Pompöse Tempel, glänzende Paläste und goldene Pagoden sind die Highlights einer Myanmar Reise. Auf Naturliebhaber warten paradiesische Strände und Bergwelten.

Auf dieser Seite werden Sie Ideen für Ihre Reise nach Myanmar finden. Es werden alle Reisen und Rundfahrten vorgeschlagen, die Sie bei Ihren Reisevorbereitungen inspirieren, eine einzigartige Erfahrung, die ganz auf Sie zugeschnitten ist … In Birma, das man auch Myanmar nennt, werden Sie von dem Überfluss an Tempeln verblüfft sein.
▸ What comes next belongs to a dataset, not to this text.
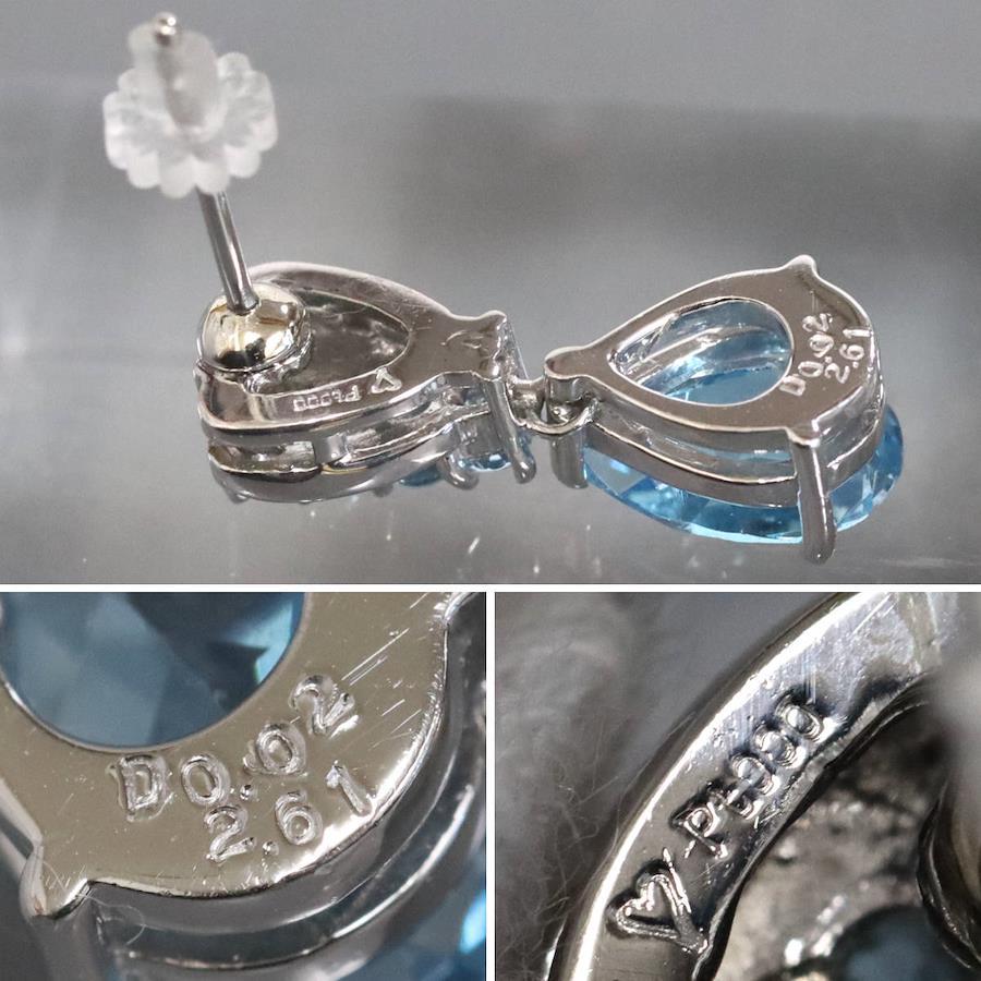 Pt900ブルートパーズダイヤモンドピアスの中古品です。爽やかな色味のブルートパーズが目を引きます。ブルートパーズは非常に照りがいいです。地金には小傷があります。+---+---+---+---+---+。{状態}A{素材}Pt900,ブルートパーズ,ダイヤモンド{サイズ}約W8mm × H23mm。{その他}BT2.61ct×2,D0.02ct×2,9.0g。{付属品}なし(サービス箱をお付けします){お問合せ商品番号}26013136+---+---+---+---+---+。
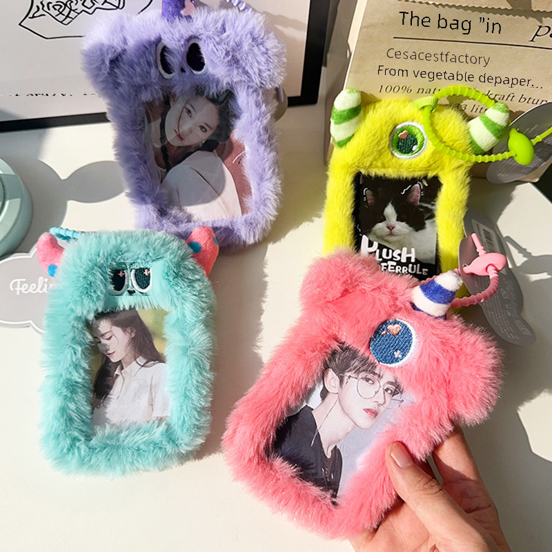 | nameOriginal | Little Monster plush card cover cute bus card campus card meal card certificate protective cover dopamine Plush Bag pendant |

Sie werden häufig Architekturschätzen begegnen, die mehr als 2.000 Jahre alt und von Gold bedeckt sind … Sie werden sich dort vom Gesang der Mönche wiegen lassen, es sei denn, Sie werden von einer innbrünstigen Feiertagsstimmung überkommen. Bei dieser Gelegenheit versäumen Sie nicht Mandalay: Mit seinen 150 Klöstern und 70.000 Mönchen wird diese „goldene Stadt“ Sie nicht unberührt lassen. In der Ebene von Bagan werden Sie von der surrealistischen Atmosphäre erstaunt sein, die sich in diesem Ort verbreitet. Das ist nicht übertrieben formuliert, um die unglaubliche Fülle an Tempeln, wundervollen religiösen Bauwerken, die manchmal nur einige Meter voneinander entfernt stehen, auszudrücken. Eine außergewöhnliche Welt mit wechselnden Farben, die mit dem Fahrrad oder einer Kutsche zu entdecken ist. Die Ebene von Bagan ist eines der Aushängeschilder des Weltkulturerbes der Menschheit, das es allein schon wert wäre, zu besuchen. Myanmar ist ein kultureller Schmelztiegel bestehend aus 130 verschiedenen Ethnien, die es bei einer Trekkingtour beispielsweise zu entdecken gilt. Diese wird es Ihnen auch erlauben, in die einzigartigen Landschaften einzutauchen … Myanmar bedeutet auch, andere Wunderwerke zu besichtigen: Zögern Sie nicht, sich von den unten aufgeführten Reiseideen inspirieren zu lassen.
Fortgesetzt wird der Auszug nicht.